*THE TASK*.
Out of the material that follows, write out exactly the lines from the line with "Stenske poslikave Lepi" to the line with "De woonkamer is", both ends included, and no others.

*RECORDS SUPPLIED*.
..........
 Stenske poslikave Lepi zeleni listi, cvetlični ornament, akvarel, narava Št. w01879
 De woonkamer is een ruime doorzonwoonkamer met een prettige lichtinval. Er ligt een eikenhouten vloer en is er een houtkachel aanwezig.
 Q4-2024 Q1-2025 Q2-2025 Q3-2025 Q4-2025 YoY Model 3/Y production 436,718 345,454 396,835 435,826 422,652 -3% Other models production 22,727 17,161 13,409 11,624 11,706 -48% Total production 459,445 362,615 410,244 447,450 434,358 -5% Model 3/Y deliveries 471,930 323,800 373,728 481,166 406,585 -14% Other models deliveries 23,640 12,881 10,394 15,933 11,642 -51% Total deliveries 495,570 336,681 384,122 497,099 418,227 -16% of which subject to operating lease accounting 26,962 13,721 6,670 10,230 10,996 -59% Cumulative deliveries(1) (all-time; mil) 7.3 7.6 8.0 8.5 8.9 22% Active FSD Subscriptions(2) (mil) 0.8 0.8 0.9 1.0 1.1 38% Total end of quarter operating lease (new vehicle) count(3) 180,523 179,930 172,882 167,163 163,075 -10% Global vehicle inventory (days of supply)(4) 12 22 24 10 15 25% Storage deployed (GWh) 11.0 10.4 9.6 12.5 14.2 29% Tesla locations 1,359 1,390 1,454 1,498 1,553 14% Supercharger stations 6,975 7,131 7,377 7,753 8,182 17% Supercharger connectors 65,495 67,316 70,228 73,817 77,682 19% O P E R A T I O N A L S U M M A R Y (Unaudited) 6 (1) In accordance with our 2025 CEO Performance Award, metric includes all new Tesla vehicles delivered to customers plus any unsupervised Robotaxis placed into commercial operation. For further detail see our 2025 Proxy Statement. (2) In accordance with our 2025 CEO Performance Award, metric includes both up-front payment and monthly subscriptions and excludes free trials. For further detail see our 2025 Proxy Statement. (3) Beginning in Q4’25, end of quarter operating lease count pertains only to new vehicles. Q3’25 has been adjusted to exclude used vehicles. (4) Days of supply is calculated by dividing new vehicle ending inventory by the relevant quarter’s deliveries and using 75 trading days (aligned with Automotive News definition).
..........
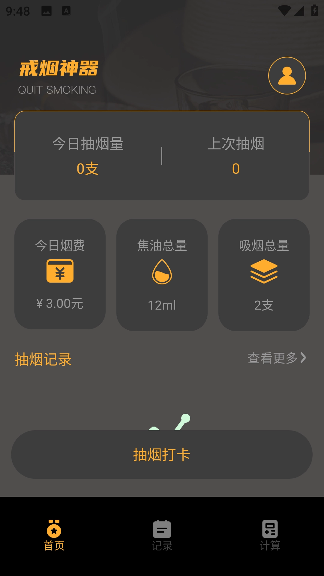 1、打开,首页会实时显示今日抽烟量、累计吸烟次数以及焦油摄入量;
..........
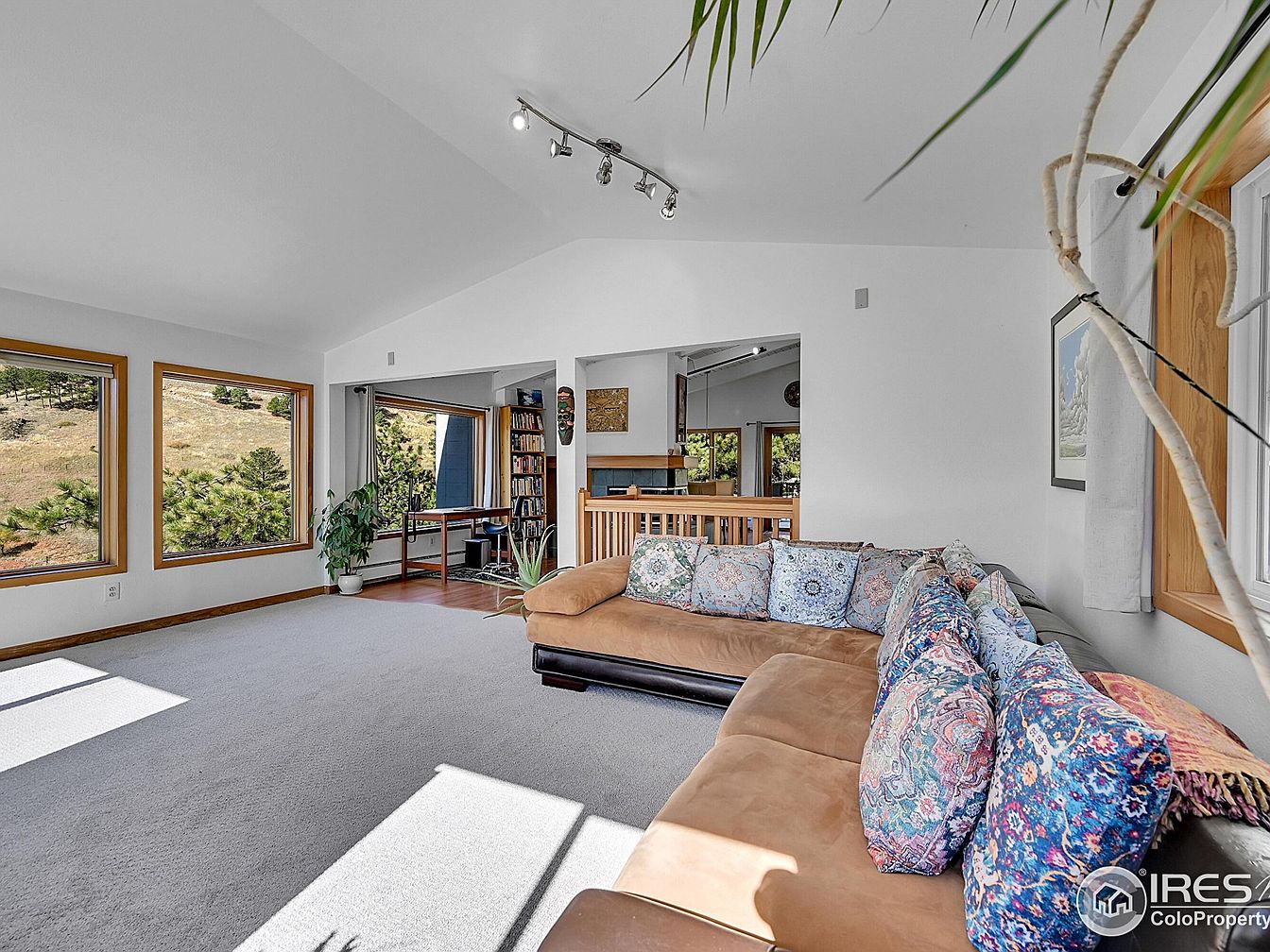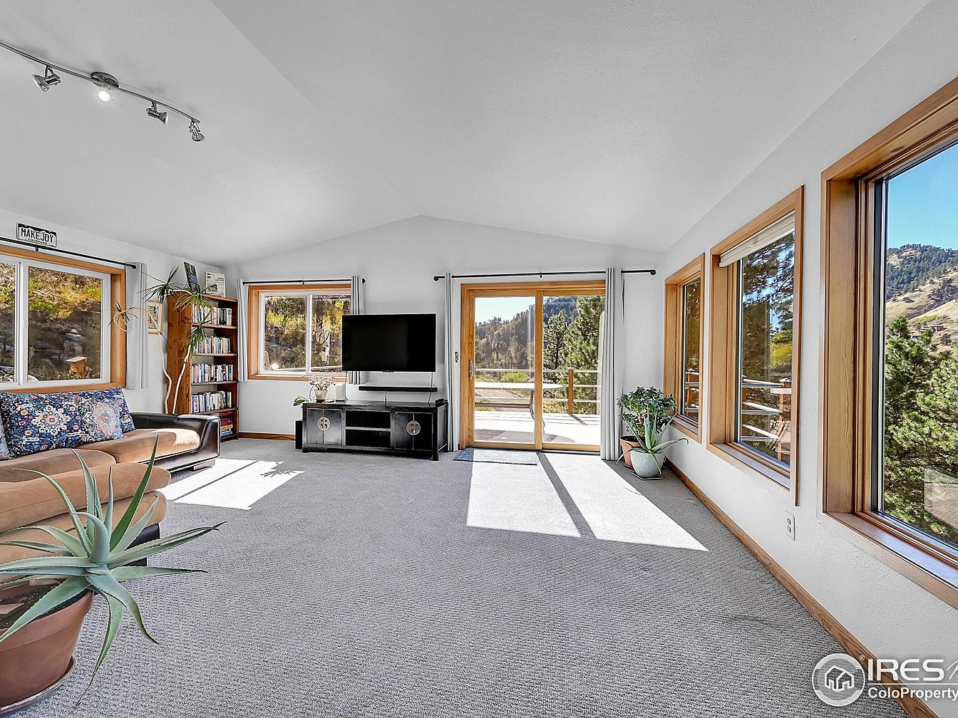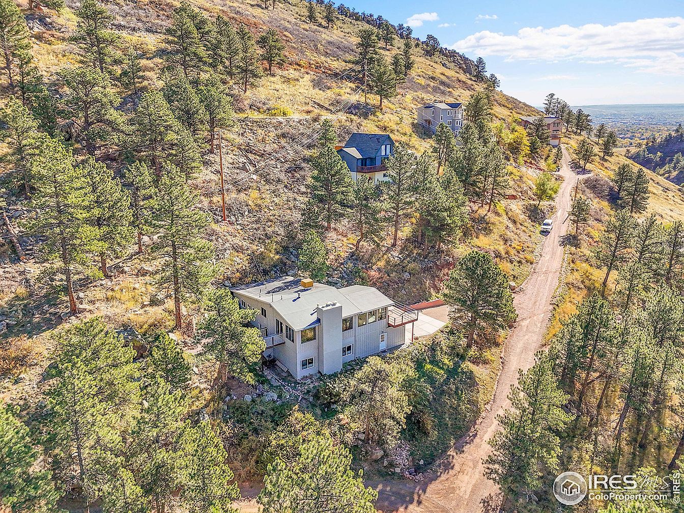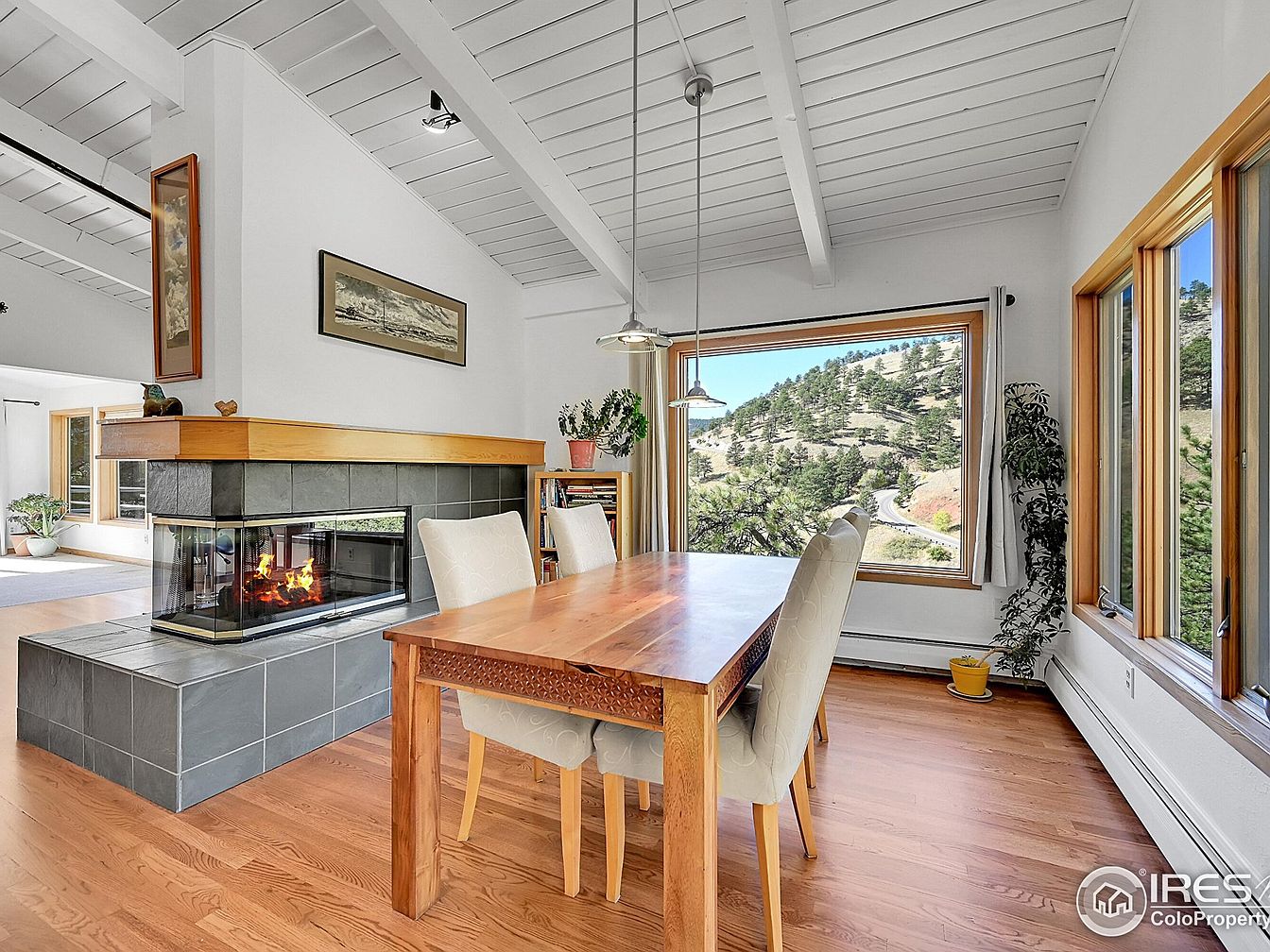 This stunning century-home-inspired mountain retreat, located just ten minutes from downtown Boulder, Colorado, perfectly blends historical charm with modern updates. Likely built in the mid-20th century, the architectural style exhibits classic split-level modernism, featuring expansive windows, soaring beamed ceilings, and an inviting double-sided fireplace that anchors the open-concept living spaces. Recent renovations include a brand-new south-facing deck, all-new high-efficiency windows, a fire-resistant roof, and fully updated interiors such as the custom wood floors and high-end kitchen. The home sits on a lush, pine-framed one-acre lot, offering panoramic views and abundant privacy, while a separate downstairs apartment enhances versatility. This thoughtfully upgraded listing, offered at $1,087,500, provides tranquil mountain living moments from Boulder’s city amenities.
..........
*ANSWER SECTION*.
 Stenske poslikave Lepi zeleni listi, cvetlični ornament, akvarel, narava Št. w01879
 De woonkamer is een ruime doorzonwoonkamer met een prettige lichtinval. Er ligt een eikenhouten vloer en is er een houtkachel aanwezig.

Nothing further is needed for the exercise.